特に日米間では、昭和26年に発足した両国政府の共同管理・運営で行われる研究者・大学院学生等の交流計画である「日米教育交流計画」(いわゆるフルブライト計画)により、これまで、両国を合わせて約8,300名の研究者・大学院学生・ジャーナリスト・大学職員等の交流が行われている(平成7年度合計102名)。また、1946年にアメリカでフルブライト法が成立して本年で50周年を迎えることを記念し、8年度には、我が国で「50周年記念アジア地域シンポジウム」が開催された。

また、昭和50年からの「国連婦人の10年」以降、各地域において女性の国際交流が活発になってきている。このため文部省では、地方公共団体が行う「地域国際交流促進事業」や婦人団体の国際交流事業に対して助成している。また、国立婦人教育会館では、「国際交流フォーラム」や、アジア太平洋地域の婦人行政担当官等を対象とする「海外婦人教育情報専門家情報処理研修」、「女性の教育問題担当官セミナー」等の各種の研修を行っている。

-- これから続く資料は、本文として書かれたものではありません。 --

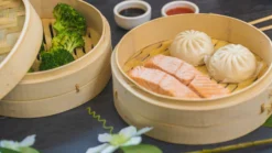 - Breng ruim water in een pan aan de kook, zorg dat de bodem van het mandje het water niet raakt. Leg eventueel bananenblad of bakpapier in het mandje en leg je product hier boven op.

これらのほか、諸外国の教育・学術・文化の分野で優れた業績を持ち、かつ指導的な地位にある者を我が国に招待し、我が国の関係者との意見交換、講演等を行う事業や、我が国の社会教育の指導者を海外に派遣して各国の社会教育関係者等との意見交換を行う事業等を実施している。


(2) 青少年交流
(ア) 青少年の国際交流活動

世界各国の青年を日本に招聘する外務省の「青年日本研修」や、総務庁の「世界青年の船」等、国際協力事業団(jica)の「21世紀のための友情計画」のほか、全国各地で、各都道府県・市町村や社会教育関係団体、民間団体が積極的に青少年の国際交流を実施している。

文部省では、(社)中央青少年団体連絡協議会、(財)世界青少年交流協会、(財)ボーイスカウト日本連盟、(社)日本青年奉仕協会等が実施する青少年の国際交流事業に対して助成しており、これらの国際交流事業により、合計1,762人を派遣し、475人を受け入れている(平成7年度)。

また、国立オリンピック記念青少年総合センターを中核とした国立青少年教育施設においても、「アジア地域青少年(教育)施設指導者研修」や「アジア青年のつどい」など、種々の国際交流事業を実施している。


(イ) 海外への修学旅行

平成6年度に海外修学旅行を行った高等学校は、374校(公立113校、私立261校)で、参加生徒数は9万5,010人であり、4年度調査と比して約30%増加している。主な行き先は、韓国154校、中国87校等となっている。

海外への修学旅行は、外国人との交流の機会や外国の文物に接する機会を得、国際理解を深めるなど意義のあることであるが、実施に当たっては、安全確保等に万全を期する必要がある。このため、各学校においては、外務省を通して必要な情報を入手したり、事前の調査を十分行い、実施している。